По заданию я нашла ссылку на страницу сборки в базе NCBI Datasets Genome -- https://www.uniprot.org/proteomes/UP000001366. Из таблицы геномных особенностей моей бактерии Persephonella marina я узнала, что GCA_000021565.1 – идентификатор последней версии сборки в INSDC, GCF_000021565.1 – в Refseq. Далее я придумала поисковый запрос по UniProt Proteomes, который выдал протеом бактерии Persephonella marina -- (genome_assembly:GCA_000021565.1), идентификатор протеома -- UP000001366. Интересно, что статус протеома -- Reference proteome. Это упрощает выполнение второго задания.
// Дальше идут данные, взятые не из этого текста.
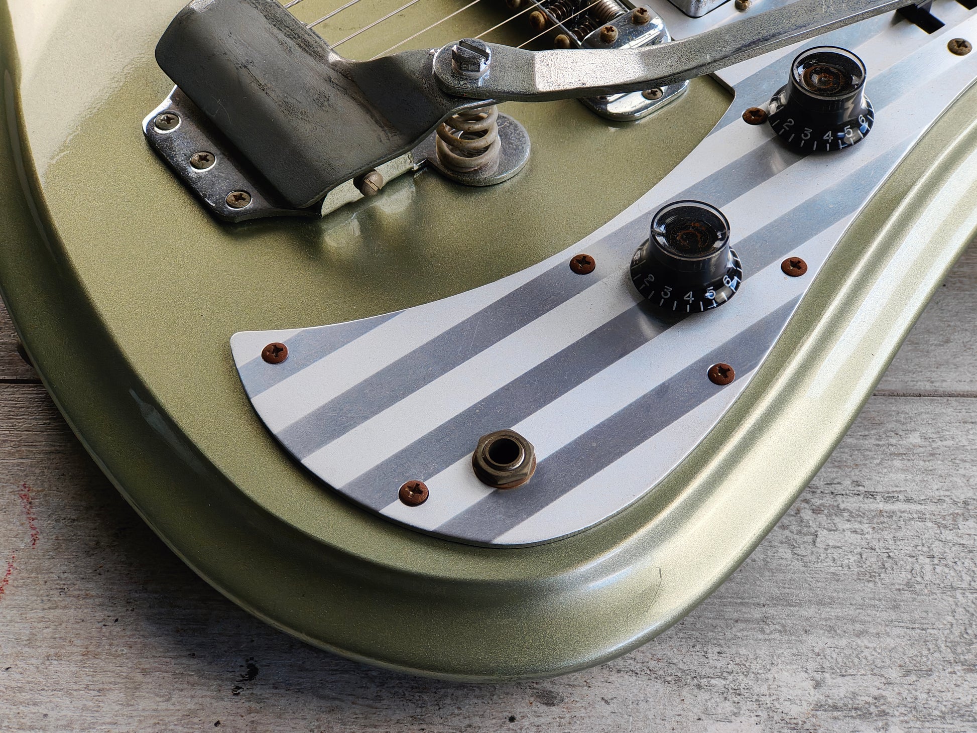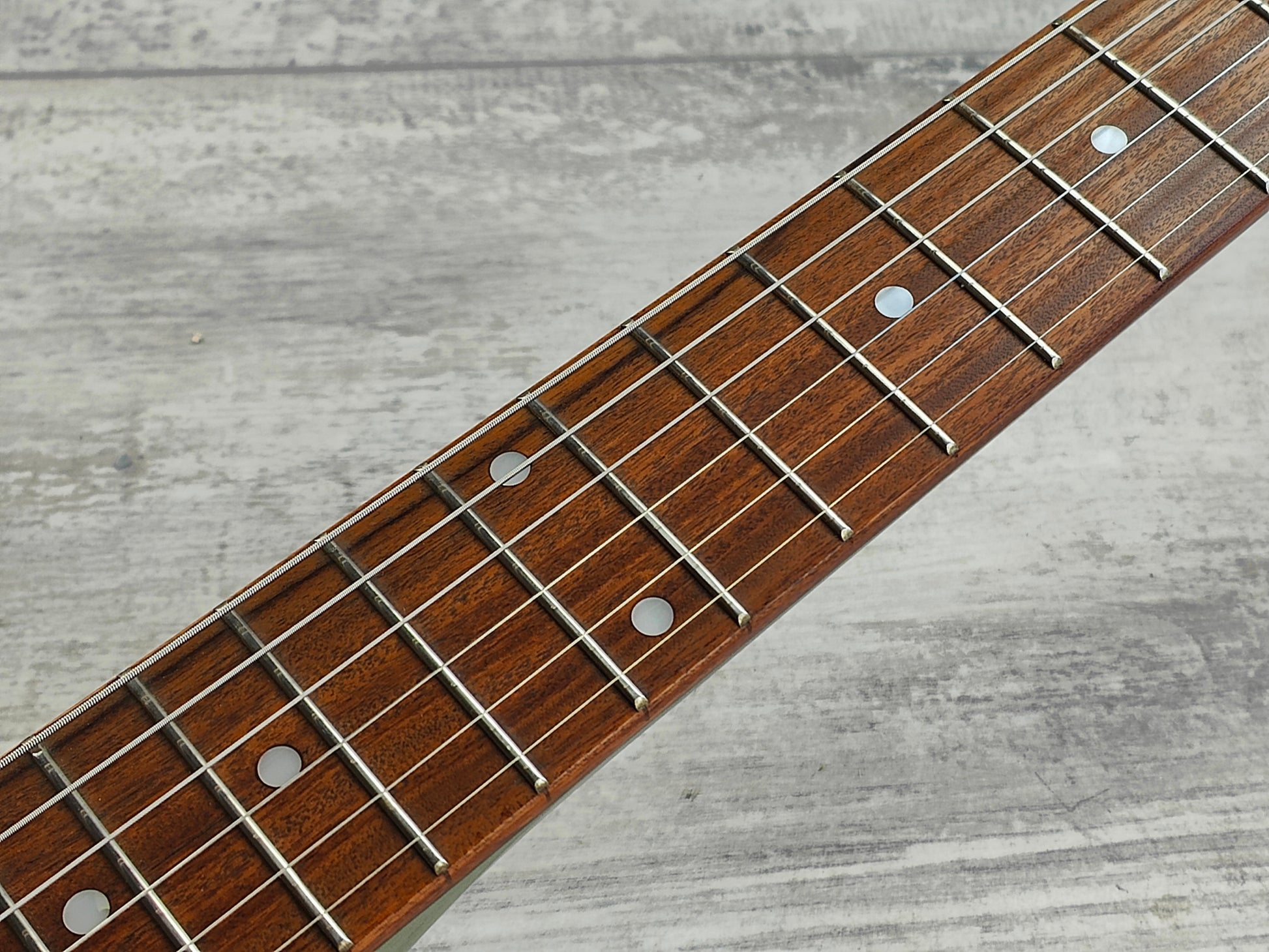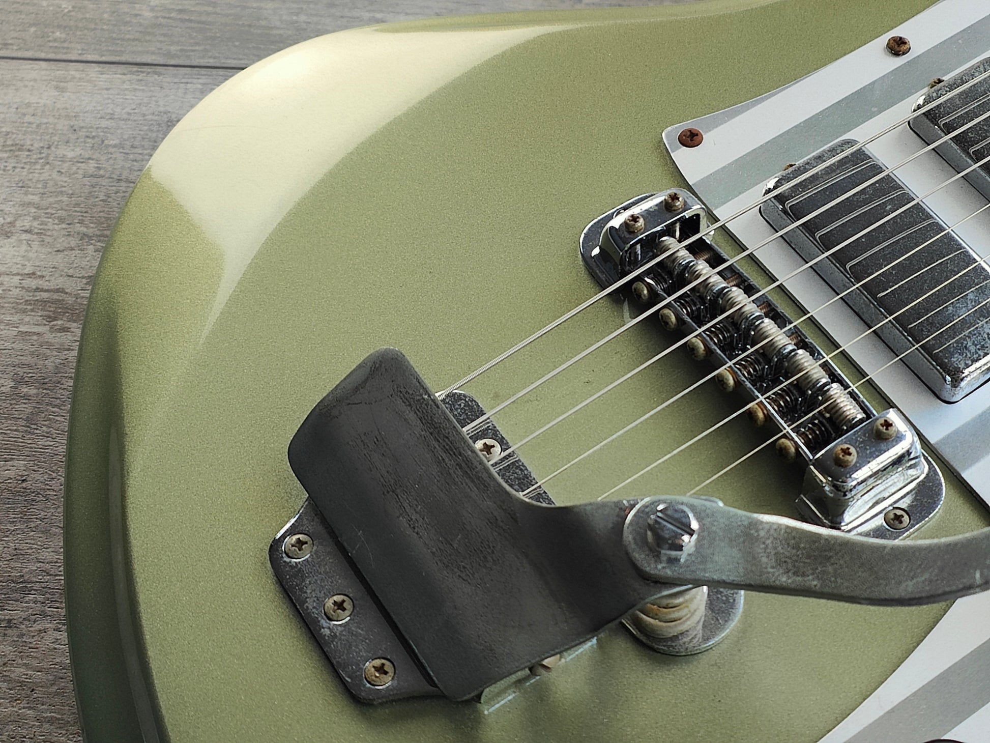 One of the 1990's reissue models of the famous Teisco Sharkfin from the 1960's. Slim solid body with a German carve on the top bolted to a slim C maple neck with a 22 fret rosewood fingerboard (628mm scale length, 44mm nut width at the Zero fret), it weighs 3.1kg's. Loaded with three mini-humbuckers controlled by individual on/off switches and master volume/tone controls. The original tremolo system and intoneateable roller bridge system allow for gentle wobbles without the need to constantly retune.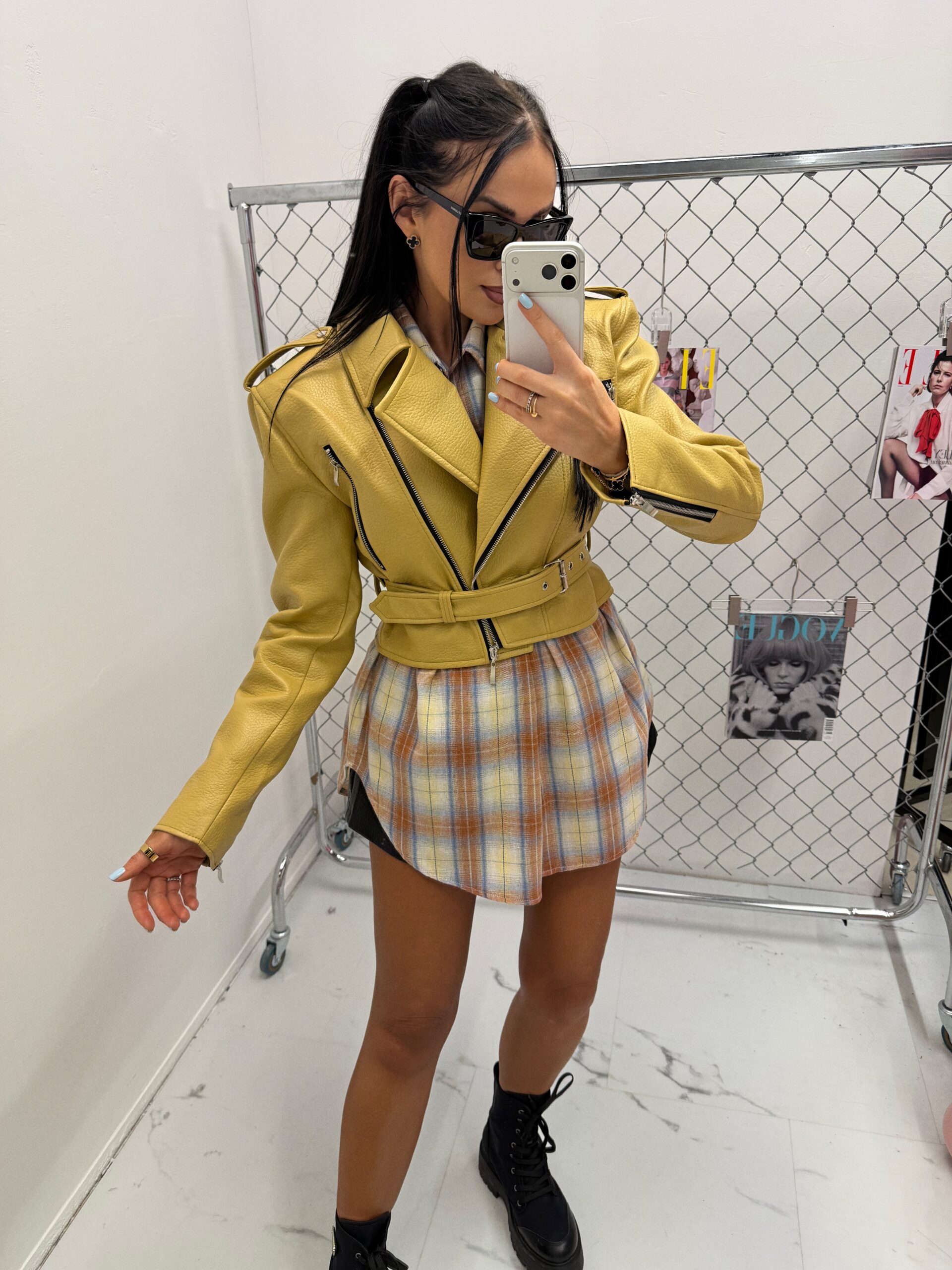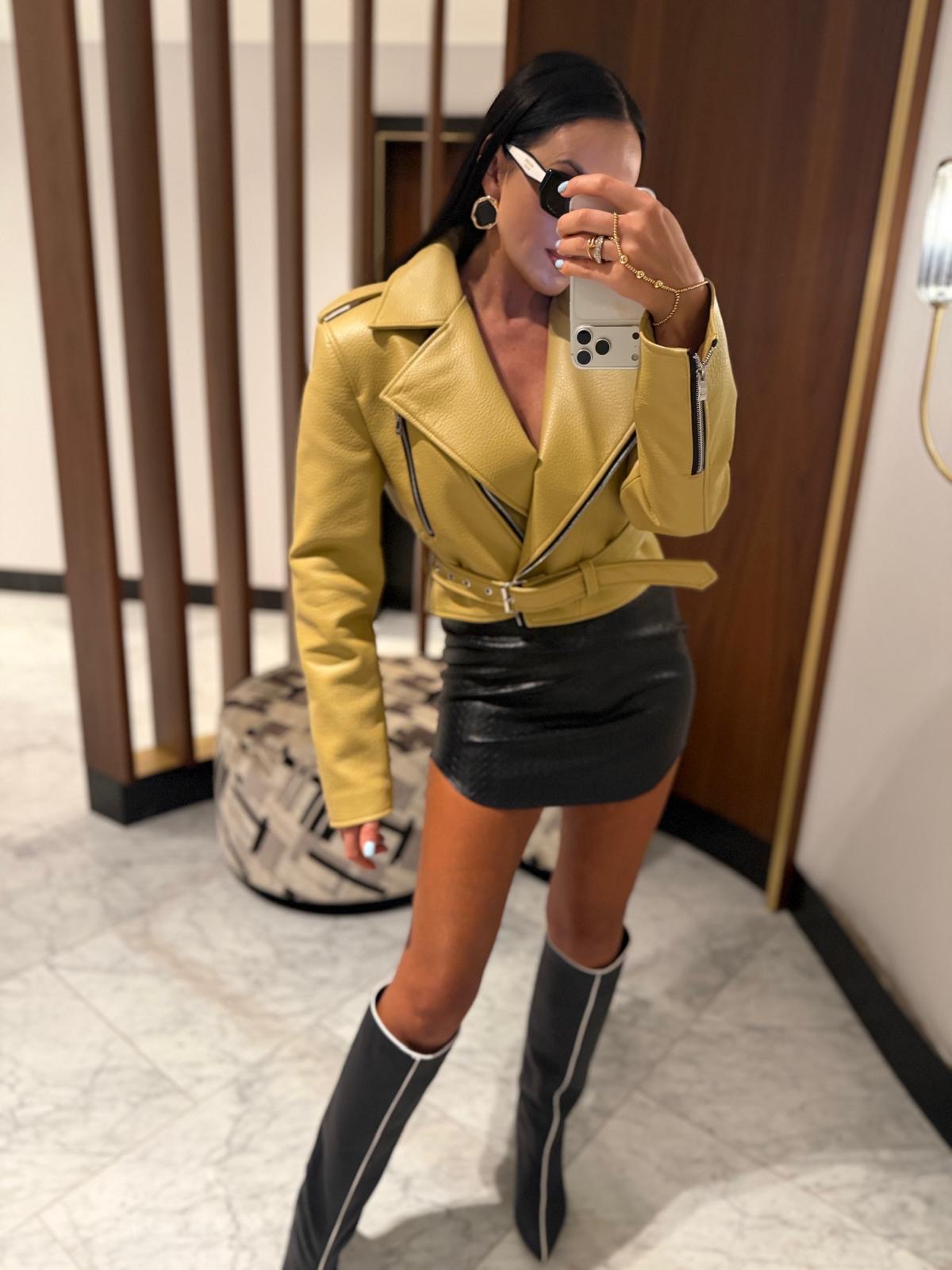 Kurtka ramoneska La Milla z eko skóry w kolorze musztardowym to modowy hit dla kobiet, które cenią styl i jakość. Wykonana z wysokogatunkowej skóry ekologicznej, zachwyca miękkością, trwałością i perfekcyjnym dopasowaniem do sylwetki. Klasyczny fason ramoneski z ukośnym zamkiem, paskiem w talii oraz wyrazistymi klapami nadaje stylizacji charakteru i ponadczasowej elegancji.

Я начала поиски с референсного протеома того же вида: (taxonomy_id:123214). Оказалось, что протеом моей бактерии Persephonella marina является референсным. Чтобы найти белки, принадлежащие искомому протеому, я использовала запрос(xref:proteomes-UP000001366). Чтобы затем их скачать в папку ~/term2/pr8 в Bash я использовала команду wget 'https://rest.uniprot.org/uniprotkb/stream?compressed=true&format=txt&query=(xref:proteomes-UP000001366)' -O UP000001366.swiss.gz .
Для подсчёта белков с альфа-спиралями или с трансмембранными участками я написала два конвейера в Bash. Конвейер (1) считает количество белков с трансмембранными участками (их получилось 411). Конвейер (2) считает количество белков с альфа-спиралями (их получилось 0)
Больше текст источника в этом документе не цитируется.